Ove ricorrono effettivamente le condizioni perché la casa si consideri non di lusso, l'agevolazione compete, prescindendo dalla categoria catastale con cui risulta censita in catasto.

In pratica, ai fini dell'applicazione dell'agevolazione prima casa non rileva la classificazione catastale dell'immobile trasferito quanto, piuttosto, la natura lussuosa o meno dello stesso in base ai parametri enunciati dal D.M. 2 agosto 1969.

Tale D.M. indica le caratteristiche che consentono di qualificare "di lusso" le abitazioni. In particolare, mentre gli articoli da 1 a 7 del predetto decreto ministeriale individuano le singole caratteristiche in presenza di ciascuna delle quali l'abitazione è considerata di lusso - i.e.: abitazioni realizzate su aree destinate dagli strumenti urbanistici a "ville", "parco privato" (art. 1); abitazioni unifamiliari dotate di piscina di almeno 80 metri quadrati o campi da tennis con sottofondo drenato di superficie non inferiore a 650 metri quadrati (art. 4); il successivo art. 8, invece, considera abitazioni di lusso "Le case e le singole unità immobiliari che abbiano oltre 4 caratteristiche tra quelle della tabella allegata al presente decreto" (i.e.: superficie dell'appartamento; scala di servizio; ascensore di servizio; eccetera). In riferimento a quest'ultima disposizione, la Commissione tributaria centrale (Sez. XII, decisione n. 3025 del 28 marzo 1988), ha precisato che "... l'art. 8 è residuale, cioè se il fabbricato non ricade in alcune delle previsioni dei primi sette articoli, può ugualmente essere considerato di lusso qualora concorrano più di quattro delle caratteristiche elencate nella tabella allegata".

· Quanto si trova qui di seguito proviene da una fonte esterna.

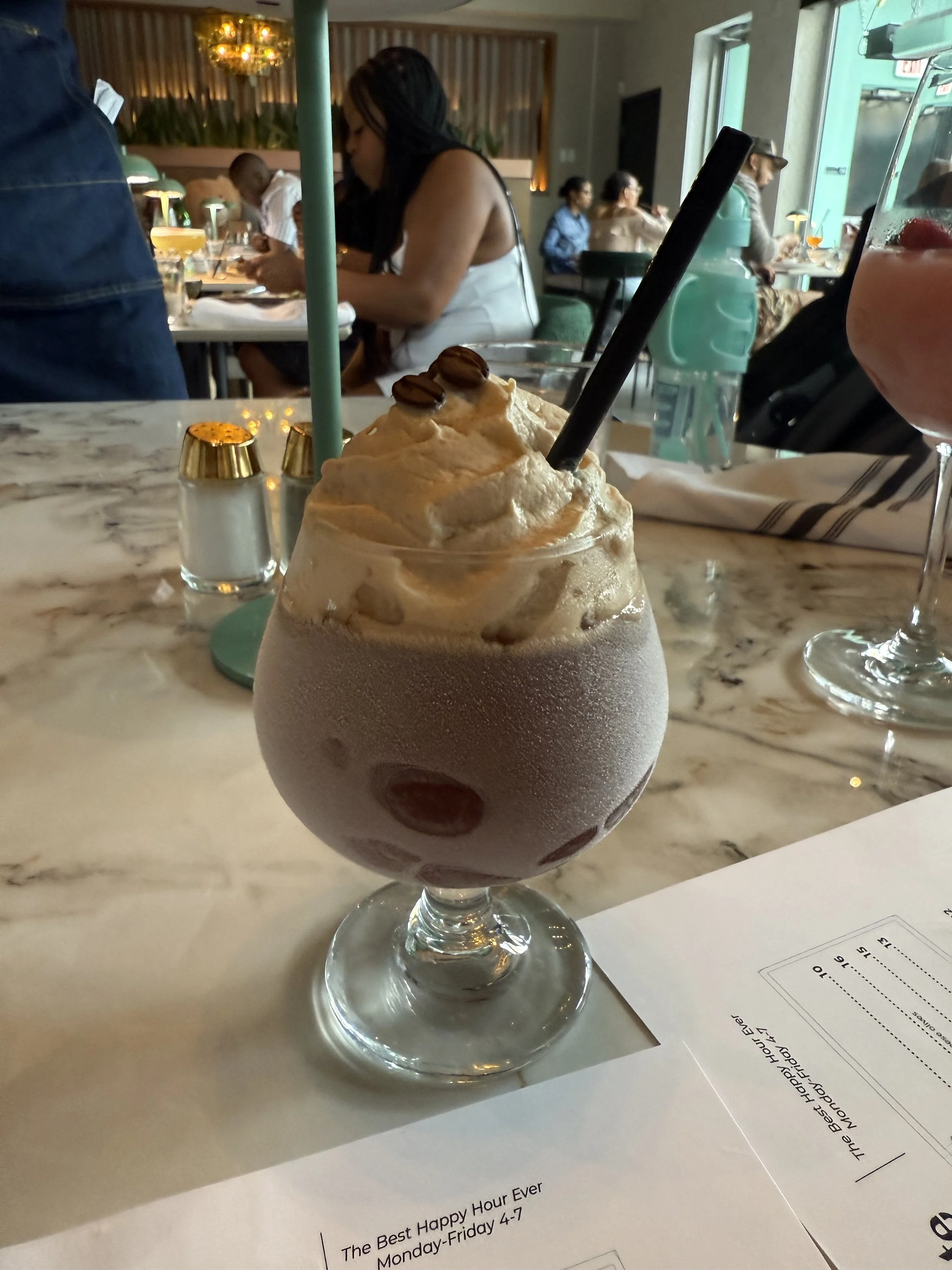 We ordered the frozen espresso martini, the froze’ and a regular espresso martini, the drinks were well balanced and delicious. I will note that I brought my son here and it’s not really a place for children. It’s more of a grown and sexy vibe.

Le caratteristiche che permettono di attribuire all'abitazione la qualifica "di lusso" possono essere desunte sia dal contenuto dell'atto (come, ad esempio, la descrizione dell'immobile) oppure dalla documentazione allegata allo stesso (come, ad esempio, il certificato catastale, la concessione edilizia, eccetera). In tal caso l'imposta dovuta per la registrazione è determinata con l'applicazione dell'aliquota ordinaria.

Si ricorda che l'agevolazione "prima casa" spetta anche nell'ipotesi in cui il trasferimento riguardi un immobile in corso di costruzione che presenti, seppure in fieri, le caratteristiche dell'abitazione "non di lusso" secondo i criteri stabiliti dal D.M. 2 agosto 1969.

Sul punto, vedasi l’intervento della Corte di Cassazione (sentenza 26 marzo 1988, n. 2595), che ha rilevato che i "... simboli delle categorie non hanno la specifica funzione di distinguere le abitazioni di lusso dalle altre, ma soltanto di indicare una rendita catastale proporzionata al tipo di abitazione ...".

Si ricorda, ancora, che con ordinanza n. 22009 del 27 ottobre 2010 (ud. del 6 luglio 2010) la Corte di Cassazione ha affermato che “la fruizione delle agevolazioni tributarie derivanti dall’acquisto della prima casa è collegata dal D.L. 7 febbraio 1985, n. 12, art. 2, come convertito dalla L. 5 aprile 1985, n. 118, alla possibilità di includere gli immobili trasferiti fra le abitazioni non di lusso, secondo i criteri di cui al D.M. 2 agosto 1969, e segnatamente quelli fissati dagli artt. 1 e 6, indipendentemente dalla data della loro costruzione (Cass. nn. 16366/2008; Cass. n. 13064/2006)"; e da ultimo, con ordinanza n. 23112 del 7 novembre 2011 (ud. del 13 ottobre 2011, la Corte di Cassazione ha confermato che “al fine dell’inapplicabilità dei benefici fiscali in materia di imposta ipotecaria e di registro, previsti dalla L. 2 luglio 1949, n.408, art. 17 con riguardo all’atto di trasferimento di alloggio non di lusso, occorre fare riferimento ai requisiti fissati dal D.M. 2 agosto 1969 per le case di lusso, in relazione alla struttura e destinazione dell’immobile al momento dell’atto stesso, ed a prescindere dalla sua concreta utilizzazione successiva, nonché tenere conto che le varie lettere del suddetto art. 5 indicano situazioni alternative e non concorrenti, nel che la sussistenza di una di esse è sufficiente all’individuazione dell’abitazione di lusso”).

E da ultimo, con ordinanza n. 5027 del 28 marzo 2012 (ud. 7 marzo 2012) la Corte di Cassazione ha attribuito alla stima Ute il valore di perizia di parte, riconoscendo, di conseguenza, le agevolazioni prima casa nell’ipotesi di abitazioni ritenuta di lusso attraverso la predetta stima.